'''

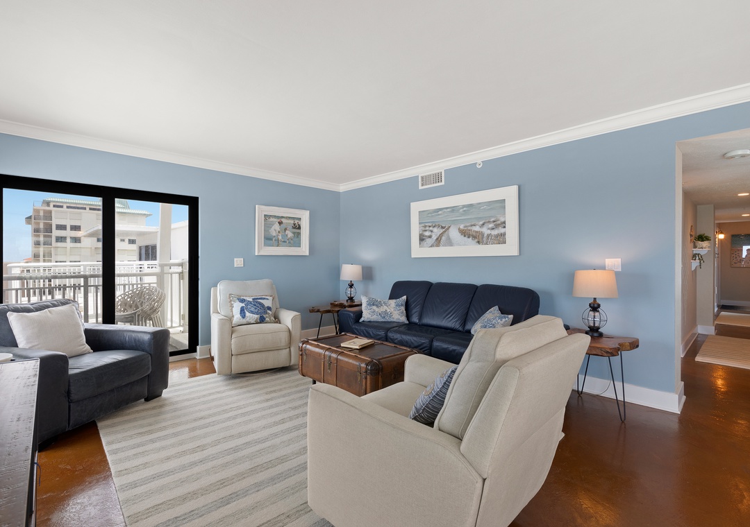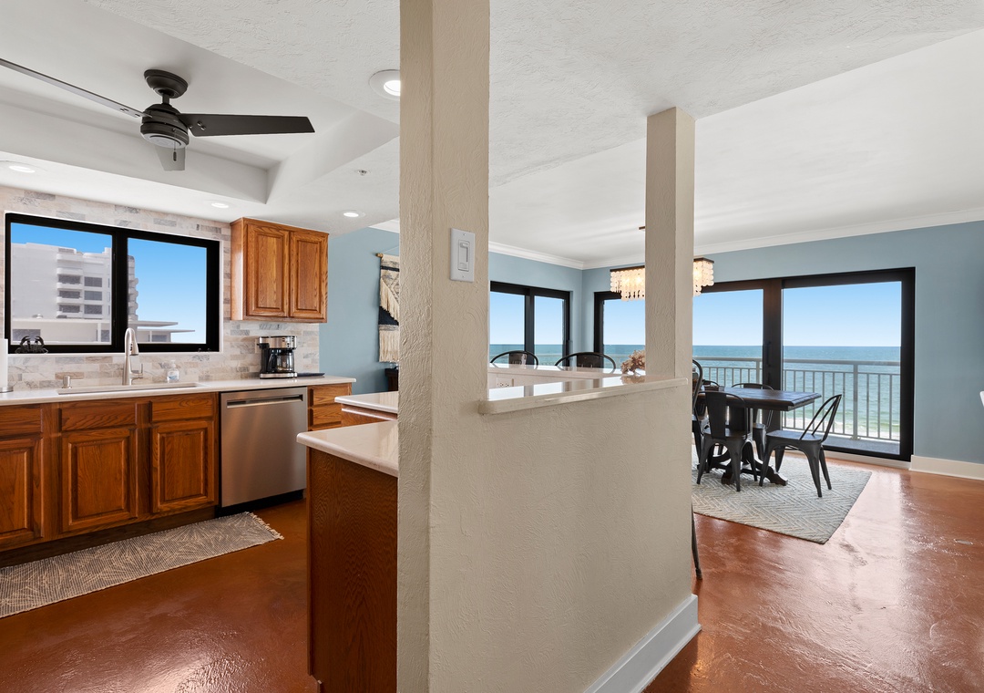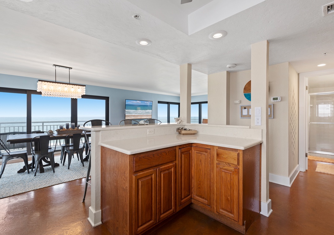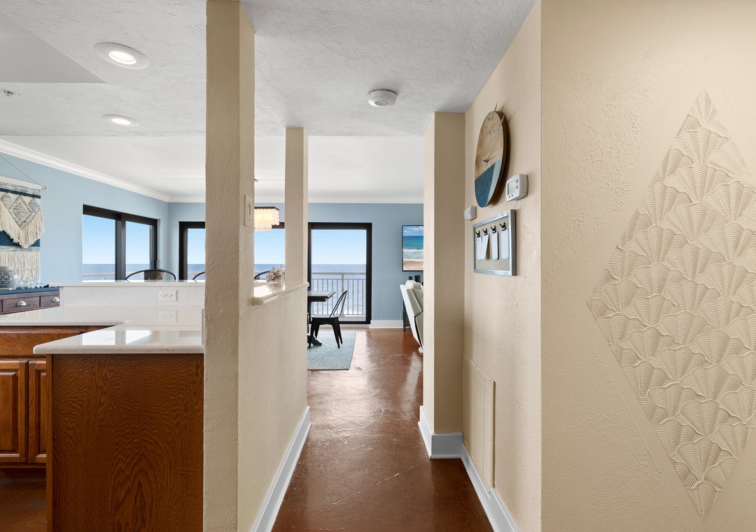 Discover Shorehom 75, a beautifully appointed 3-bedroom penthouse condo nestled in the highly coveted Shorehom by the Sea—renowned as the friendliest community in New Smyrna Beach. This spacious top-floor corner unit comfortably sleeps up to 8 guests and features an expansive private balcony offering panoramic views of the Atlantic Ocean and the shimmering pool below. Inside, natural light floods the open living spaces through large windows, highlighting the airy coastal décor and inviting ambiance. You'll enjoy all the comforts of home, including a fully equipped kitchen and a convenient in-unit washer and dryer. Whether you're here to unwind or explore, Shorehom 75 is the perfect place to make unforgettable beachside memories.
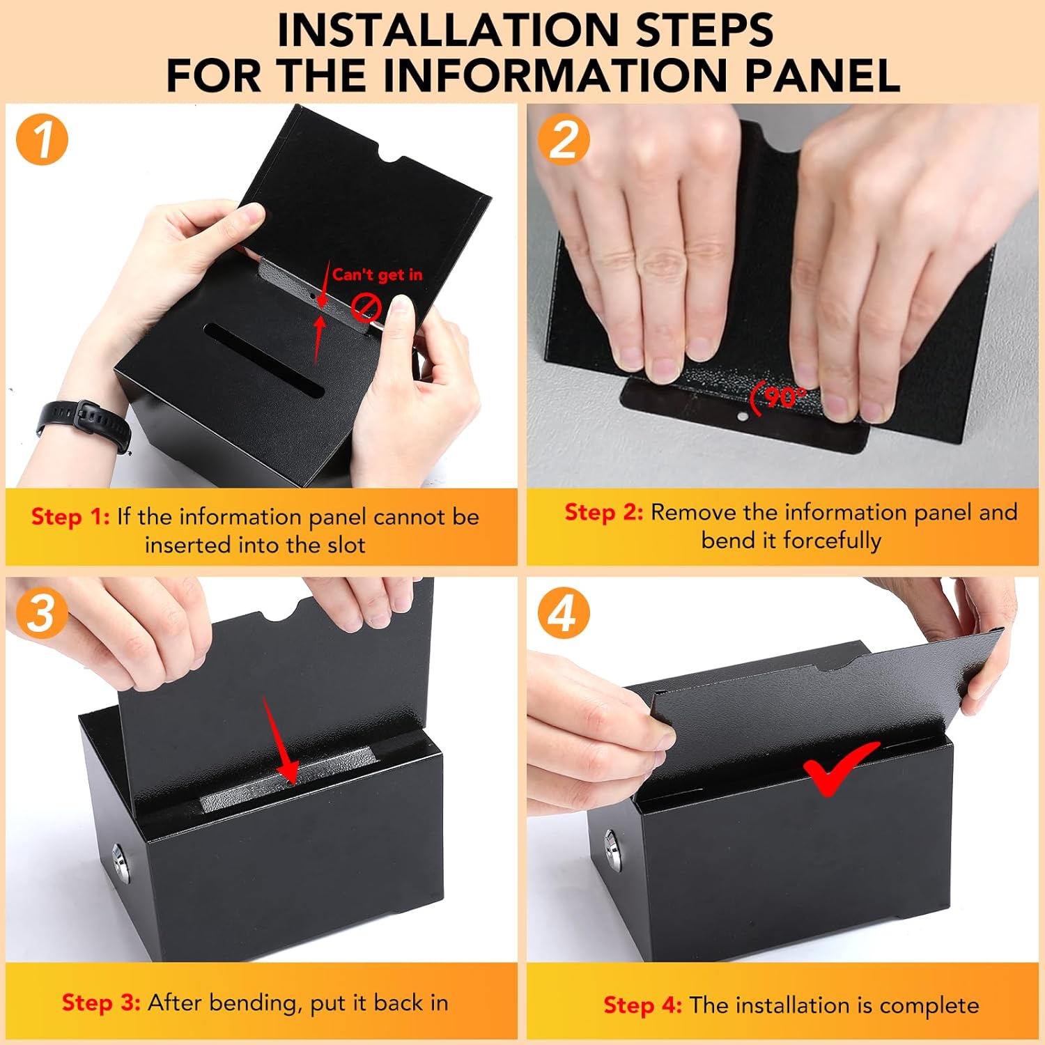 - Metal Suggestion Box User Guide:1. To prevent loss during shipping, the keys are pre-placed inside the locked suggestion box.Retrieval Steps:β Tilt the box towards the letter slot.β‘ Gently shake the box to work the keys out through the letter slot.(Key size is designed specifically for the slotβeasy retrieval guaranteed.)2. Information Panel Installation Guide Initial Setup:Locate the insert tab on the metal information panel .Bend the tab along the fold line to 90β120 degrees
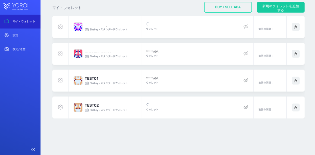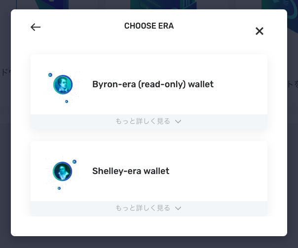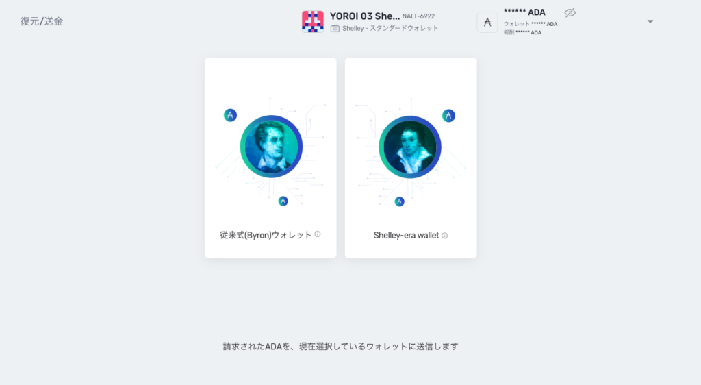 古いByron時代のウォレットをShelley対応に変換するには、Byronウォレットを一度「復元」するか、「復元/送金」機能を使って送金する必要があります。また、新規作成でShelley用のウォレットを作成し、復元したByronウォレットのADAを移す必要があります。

'''

With the pictures removed, write the listing out word for word.

 Discover Shorehom 75, a beautifully appointed 3-bedroom penthouse condo nestled in the highly coveted Shorehom by the Sea—renowned as the friendliest community in New Smyrna Beach. This spacious top-floor corner unit comfortably sleeps up to 8 guests and features an expansive private balcony offering panoramic views of the Atlantic Ocean and the shimmering pool below. Inside, natural light floods the open living spaces through large windows, highlighting the airy coastal décor and inviting ambiance. You'll enjoy all the comforts of home, including a fully equipped kitchen and a convenient in-unit washer and dryer. Whether you're here to unwind or explore, Shorehom 75 is the perfect place to make unforgettable beachside memories.
 - Metal Suggestion Box User Guide:1. To prevent loss during shipping, the keys are pre-placed inside the locked suggestion box.Retrieval Steps:β Tilt the box towards the letter slot.β‘ Gently shake the box to work the keys out through the letter slot.(Key size is designed specifically for the slotβeasy retrieval guaranteed.)2. Information Panel Installation Guide Initial Setup:Locate the insert tab on the metal information panel .Bend the tab along the fold line to 90β120 degrees
 古いByron時代のウォレットをShelley対応に変換するには、Byronウォレットを一度「復元」するか、「復元/送金」機能を使って送金する必要があります。また、新規作成でShelley用のウォレットを作成し、復元したByronウォレットのADAを移す必要があります。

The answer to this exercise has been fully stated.